A possession offence will usually be laid when a person is caught and charged with possession of a weapon for dangerous purposes or with a particular carrying offence. Particular carrying offences include carrying a weapon while attending a public meeting or carrying a concealed firearm. Possession of a firearm for a dangerous purpose is a charge that will be laid when it is found that the primary purpose for which a person holds a firearm is dangerous to the public peace.
In order to be charged with a possession offence, you do not actually need to have the gun on your person. In law, possession of a firearm can be found in three circumstances:
- When the firearm is found on your person, on your property, or in our immediate vicinity, you know it is a firearm, and you have some sort of control over the firearm;
- When you knowingly place it in the possession or custody of another person to hold for you, and you have some measure of control over what happens to that firearm; and
- When you put it in a place that might not be yours, but where it is kept for the use or benefit of yourself or another person, and you have some degree of control over what happens to the firearm.
Possession offences are hybrid offences that can be punished by way of summary conviction or indictment. If the Crown Prosecutor proceeds by way of indictment, the maximum penalty for a particular carrying offence is 5 years in prison, while the maximum penalty for possession for a dangerous purpose is 10 years in prison.

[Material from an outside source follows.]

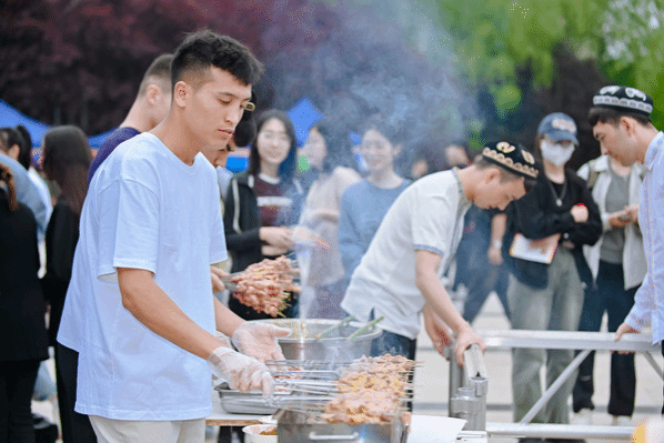 民族學(xué)生現(xiàn)場(chǎng)烤制羊肉

Handling offences include making an automatic firearm and offences relating to lost, stolen, destroyed, or defaced weapons. Making an automatic firearm is a charge that will be laid when a person is found altering a firearm so that it becomes capable of discharging bullets in rapid succession during one pressure of the trigger. This is an extremely serious offence that carries a mandatory minimum jail sentence of 1 year.
Offences relating to lost, stolen, destroyed, or defaced weapons are also hybrid offences. If the Crown proceeds by way of indictment, the maximum sentence on conviction is 5 years in jail. This charge will arise when someone fails to report the loss or finding of a firearm to the police, fails to report the destruction of a firearm to the police, makes a false statement concerning the loss, theft, or destruction of a firearm, or tampers with a serial number on a firearm.

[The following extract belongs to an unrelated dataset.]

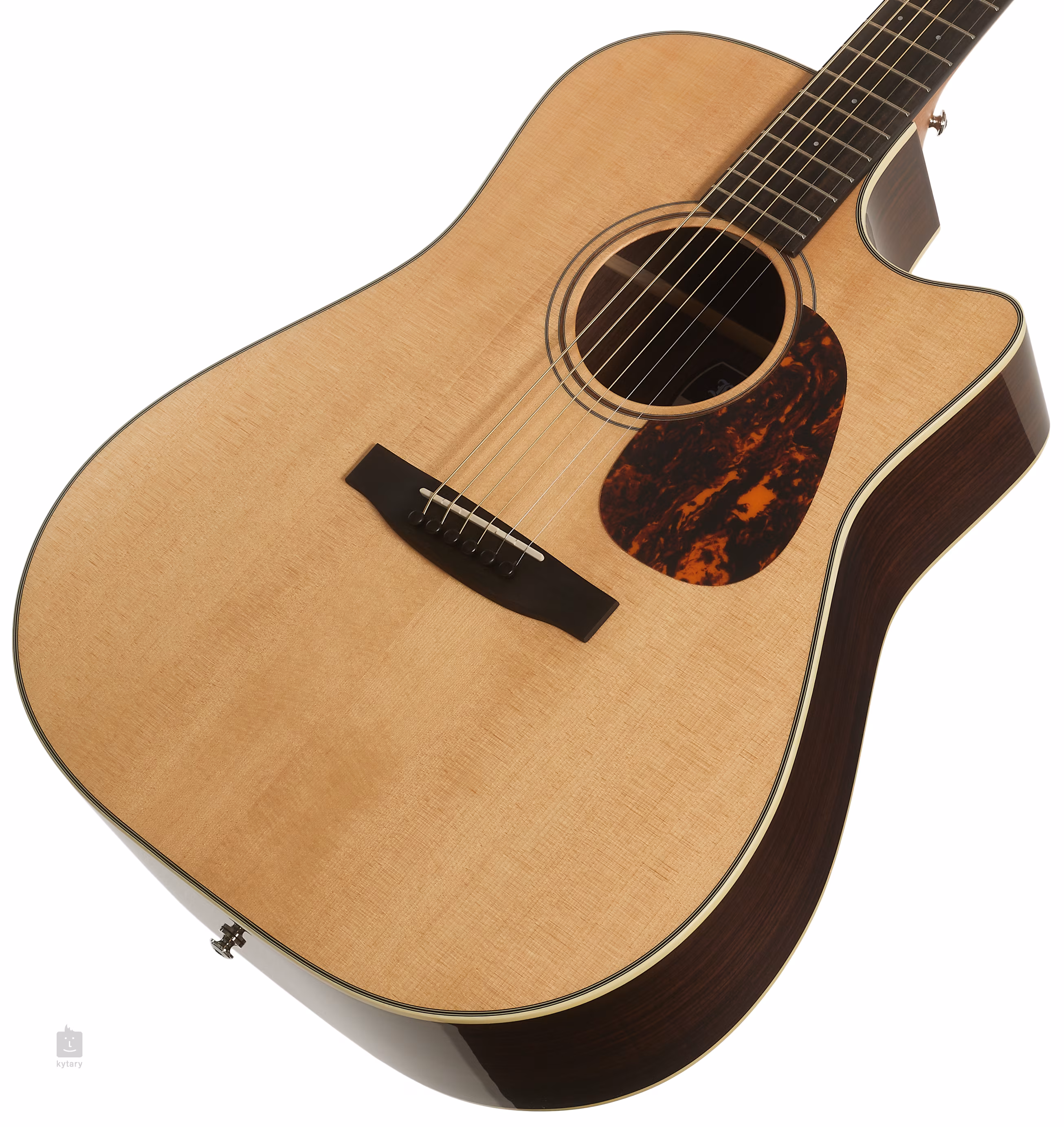 Orientację na hebanowej podstrunnicy ułatwiają boczne i przednie znaczniki pozycji z białej masy perłowej. Stabilne strojenie gwarantuje najwyższej klasy mechanika Gotoh SE700 Nickel patina z przełożeniem 1:15. Atrakcyjny wygląd gitary podkreśla binding korpusu ze sztucznej kości słoniowej oraz rozeta składająca się z podwójnego pierścienia z wkładką z orzecha włoskiego i kontrastującymi czarno-białymi liniami.

Under the Criminal Code it is an offence to transfer or traffick firearms. The Firearms Act sets out laws that regulate the manufacture, transfer, and sale of firearms in Canada. A failure to comply with those laws when transferring a firearm from one person to another can lead to criminal charges for transferring firearms without authorization.
The offence of “transferring” will be made out when the accused makes a genuine offer to transfer a firearm to a recipient. This is a hybrid offence, and where the Crown chooses to proceed by indictment, the accused can face up to 5 years in jail.
The offence of trafficking will be made out where an accused is found to have manufactured or transferred a firearm while knowing that they did not have the authority to do so under the Firearms Act. This is a very serious offence, and charges can be laid even if the accused sold a weapon that was not operational, or even he or she simply offered to manufacture or transfer the weapon. If a person is found guilty of possessing a trafficked firearm, or found guilty of possessing firearms for the purposes of trafficking, he or she will be liable to a jail sentence of up to 10 years.
Failing to produce a valid licence or registration:
Failing to produce a valid licence or registration for your firearm is a common offence that can result in your firearms being seized. However, if you are able to provide proof of registration and a licence within 14 days, the seized firearms can be returned to you. If you have not complied with all the licensing requirements set out for your firearm and are convicted of unauthorized possession of a firearm, you can face up to 5 years of jail time.